▸ **Task prompt**
Repeat the listing that follows exactly. Pictures are not part of the copy.

▸ **Data**
================================

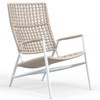 A modern interpretation of the classic Adirondack chair, this high-back accent chair helps you lounge in global style and supreme comfort. It boasts a scratch-resistant aluminum frame and hand-woven rope on the back and seat. So it’s strong and supportive. Better still, this metal and rope chair from Outdoor Furniture Plus is lighweight. Move it anywhere you want in an instant! Pair with the matching low-back accent chair for extra visual intrigue.
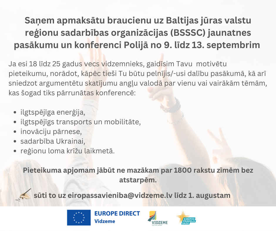 Vidzemes plānošanas reģions (VPR) jau vairākus gadus pārstāv Vidzemi Baltijas jūras valstu reģionu sadarbības organizācijā (BSSSC), kur tas ne tikai vada Inovāciju pārneses darba grupu, bet arī aktīvi līdzdarbojas jauniešu iesaistes jautājumos. VPR aicina reģiona jauniešus, vecumā no 18 līdz 25 gadiem, piedalīties BSSSC jauniešu pasākumā, kas notiks no 9. līdz 13. septembrim Polijā, Ščečinā.
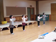 2番手は、1年生でした。「キラキラぼし」の合奏、歌って振り付けをしながらの打楽器演奏、そして「てとてとてとて」の群読をしてくれました。一人一人違う色の手袋をはめて、振り付けをしながら大きな声で発表しました。長い詩でしたが、とてもよく覚えていました。最後は、手話もしながら歌ってくれました。「手」の力のすごさが良く伝わる発表でした。
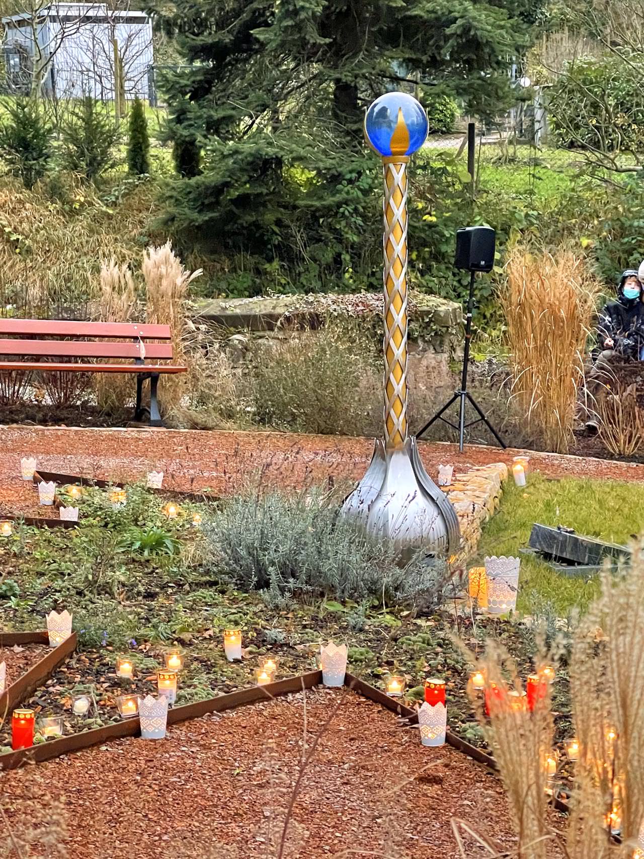 Das Besondere: In Zusammenarbeit mit der oben genannten Arbeitsgruppe und einem ersten Entwurf von Hans-Jörg Haas hat der Weisweiler Künstler Bernd Karcher für den Mittelpunkt eine Stele geschaffen. Christina Gedemer erklärt die Symbolik hierzu folgendermaßen: „Die Stele ist aus Edelstahl gefertigt und weist die Form einer sich öffnenden Blume auf. Der Edelstahl als kaltes Material weist auf den Tod des Kindes hin, so wie dieser vielfach von Angehörigen empfunden wird: Kalt und hart. Im Innern des Blumenstiels hat der Künstler goldene Farbe verwendet, diese soll die Liebe der Eltern für ihr Kind symbolisieren: Diese Liebe hält über den Tod hinaus und ist kostbar und rein wie pures Gold. Das Bild der Blume zeigt dabei auf, dass etwas Anderes, Neues gewachsen ist – eine Verbindung zwischen Erde und Himmel. Es ist etwas aufgeblüht, anders als erwartet und erhofft. Dafür steht die blaue Glaskugel aus der Glasbläserei Wolfach, die in der Blüte angebracht ist. Sie weist darauf hin, dass Eltern ihr verstorbenes Kind immer im Herzen tragen und sich immer an ihr Kind erinnern werden. Komplettiert wird dieses Sternenkinderfeld durch Bänke, um hier diese besondere Atmosphäre aufnehmen zu können, inne zu halten und zu verweilen.

================================

▸ **Solved problem**
 A modern interpretation of the classic Adirondack chair, this high-back accent chair helps you lounge in global style and supreme comfort. It boasts a scratch-resistant aluminum frame and hand-woven rope on the back and seat. So it’s strong and supportive. Better still, this metal and rope chair from Outdoor Furniture Plus is lighweight. Move it anywhere you want in an instant! Pair with the matching low-back accent chair for extra visual intrigue.
 Vidzemes plānošanas reģions (VPR) jau vairākus gadus pārstāv Vidzemi Baltijas jūras valstu reģionu sadarbības organizācijā (BSSSC), kur tas ne tikai vada Inovāciju pārneses darba grupu, bet arī aktīvi līdzdarbojas jauniešu iesaistes jautājumos. VPR aicina reģiona jauniešus, vecumā no 18 līdz 25 gadiem, piedalīties BSSSC jauniešu pasākumā, kas notiks no 9. līdz 13. septembrim Polijā, Ščečinā.
 2番手は、1年生でした。「キラキラぼし」の合奏、歌って振り付けをしながらの打楽器演奏、そして「てとてとてとて」の群読をしてくれました。一人一人違う色の手袋をはめて、振り付けをしながら大きな声で発表しました。長い詩でしたが、とてもよく覚えていました。最後は、手話もしながら歌ってくれました。「手」の力のすごさが良く伝わる発表でした。
 Das Besondere: In Zusammenarbeit mit der oben genannten Arbeitsgruppe und einem ersten Entwurf von Hans-Jörg Haas hat der Weisweiler Künstler Bernd Karcher für den Mittelpunkt eine Stele geschaffen. Christina Gedemer erklärt die Symbolik hierzu folgendermaßen: „Die Stele ist aus Edelstahl gefertigt und weist die Form einer sich öffnenden Blume auf. Der Edelstahl als kaltes Material weist auf den Tod des Kindes hin, so wie dieser vielfach von Angehörigen empfunden wird: Kalt und hart. Im Innern des Blumenstiels hat der Künstler goldene Farbe verwendet, diese soll die Liebe der Eltern für ihr Kind symbolisieren: Diese Liebe hält über den Tod hinaus und ist kostbar und rein wie pures Gold. Das Bild der Blume zeigt dabei auf, dass etwas Anderes, Neues gewachsen ist – eine Verbindung zwischen Erde und Himmel. Es ist etwas aufgeblüht, anders als erwartet und erhofft. Dafür steht die blaue Glaskugel aus der Glasbläserei Wolfach, die in der Blüte angebracht ist. Sie weist darauf hin, dass Eltern ihr verstorbenes Kind immer im Herzen tragen und sich immer an ihr Kind erinnern werden. Komplettiert wird dieses Sternenkinderfeld durch Bänke, um hier diese besondere Atmosphäre aufnehmen zu können, inne zu halten und zu verweilen.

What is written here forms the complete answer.